Sara não teve medo. Fez as malas e, juntamente com o companheiro e o filho, voltou para Lyon. Ao chegar ao clube, a treinadora, Sonia Bompastor, prometeu ajudá-la. Mas as coisas ficaram mais complicadas: proibiram-na de levar o bebé nos jogos fora, para não perturbar as colegas. A atleta disse que não, o clube pediu para que a treinadora testasse pelo menos dois jogos. Ouviu uma resposta negativa. “Eles fizeram-me sempre sentir como se fosse negativo ter tido um bebé. Decidi avançar com a queixa, o diretor desportivo disse-me que não era pessoal, apenas negócio”, vincou.

Sara acabou por ganhar. A decisão do processo levantado pelo FIFPro foi conhecida em maio e foi favorável à jogadora: o Lyon teria de pagar à jogadora todos os salários que lhe deviam. O clube ainda tentou perceber se valia a pena avançar para recurso, mas acabou por acatar a decisão.
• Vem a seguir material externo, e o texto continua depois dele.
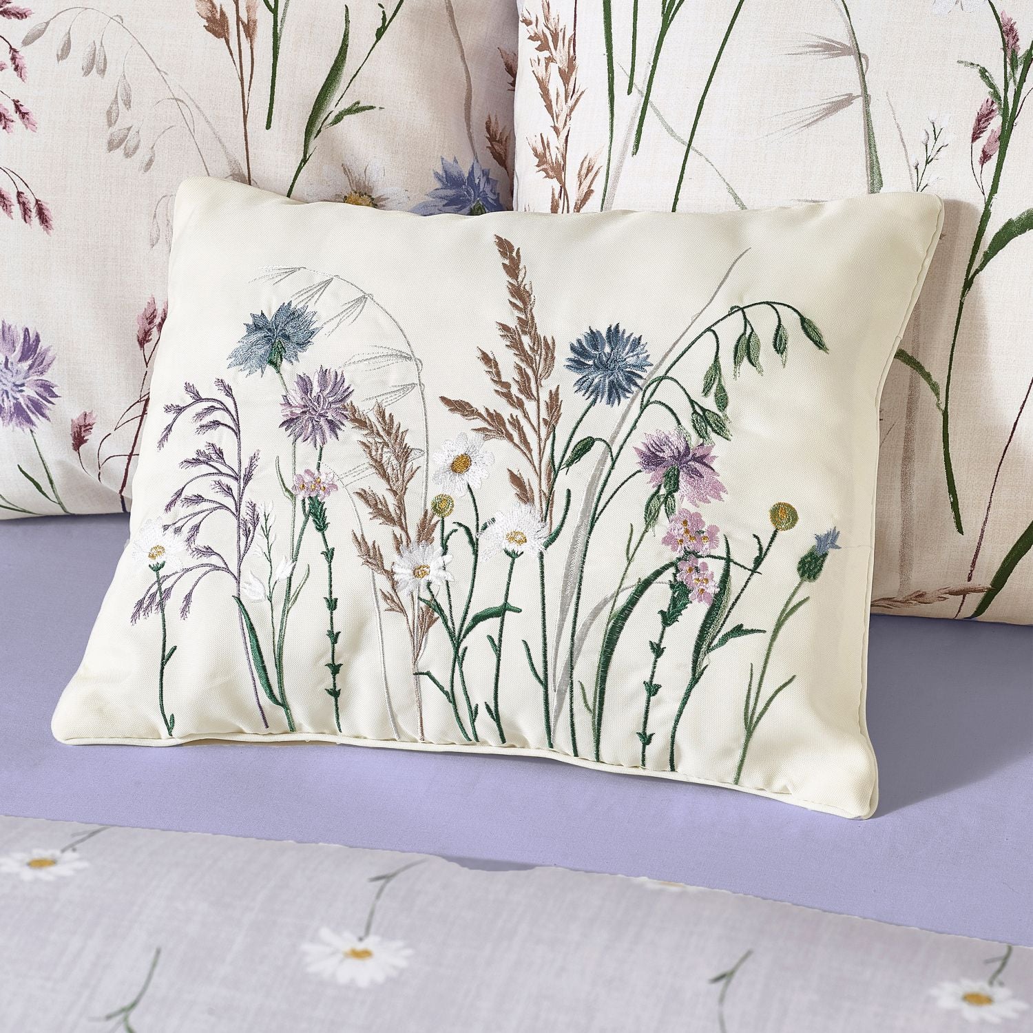 Bring a charming countryside feel to your space, with this delicate embroidered floral meadow design featuring wildflowers and grasses on a soft cream background. The intricate embroidery captures the beauty of flora swaying in the breeze, adding a touch of nature's elegance to your decor.
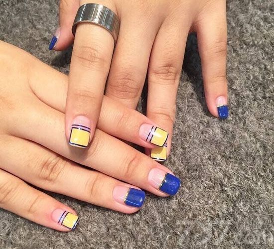 色彩撞色不仅仅只是服饰上的福利,美甲上撞色更时尚哦!深海蓝色边框,粉黄色甲油为底,整款美甲设计感非常强,适合想要与时尚接轨的女性。
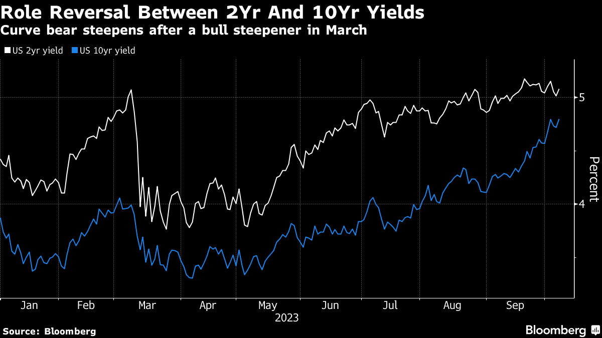 Rather than the curve steeping because short rates are falling, it's changing shape because longer yields are surging. That's largely because of the US economy's strength, reflecting the risk that the Fed will hold rates high for some time to come. The process is called a “bear steepening.”
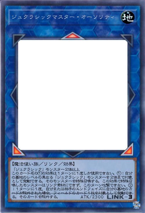 | 「ジュクラシック」モンスター2体以上 このカード名の①の効果は1ターンに1度しか使用できない。①:自分の墓地のレベルの異なる「ジュクラシック」モンスターを2体まで対象として発動できる。そのモンスターを特殊召喚する。この効果で特殊召喚したモンスターはリンク素材にできず、このターン攻撃できない。②:1ターンに1度、自分または相手のエンドフェイズに自分の墓地のカードが除外された場合、フィールドのカード1枚を対象として発動できる。そのカードを除外する。 | |||
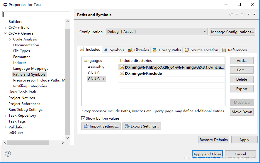 按照一般步骤建立Eclipse C/C++工程,toolchains选择MINGW。

Hoje, Sara Bjork Gunnarsdóttir é jogadora da Juventus e quer ser o exemplo para outras atletas, para não passarem pelo mesmo. “A vitória foi maior do que eu. Serve como uma garantia de segurança financeira para todas as jogadoras que queiram ter um filho durante a carreira. Queria garantir que ninguém passava pelo que passei. E queria que o Lyon soubesse que não é OK. Isto não é só negócio. Isto é sobre os meus direitos como trabalhadora, como mulher e ser humano. Merecemos melhor”, pode ler-se.

Já a FIFPro não escondeu a satisfação pela decisão e por ter ajudado a atleta, naquele que foi o primeiro caso desde que as novas leias foram implementadas: “Damos os parabéns à Sara Björk Gunnarsdóttir pela queixa bem-sucedida contra o Olympique Lyonnais por o clube não ter pagado a totalidade do salário durante a gravidez”, pode ler-se numa publicação das redes sociais.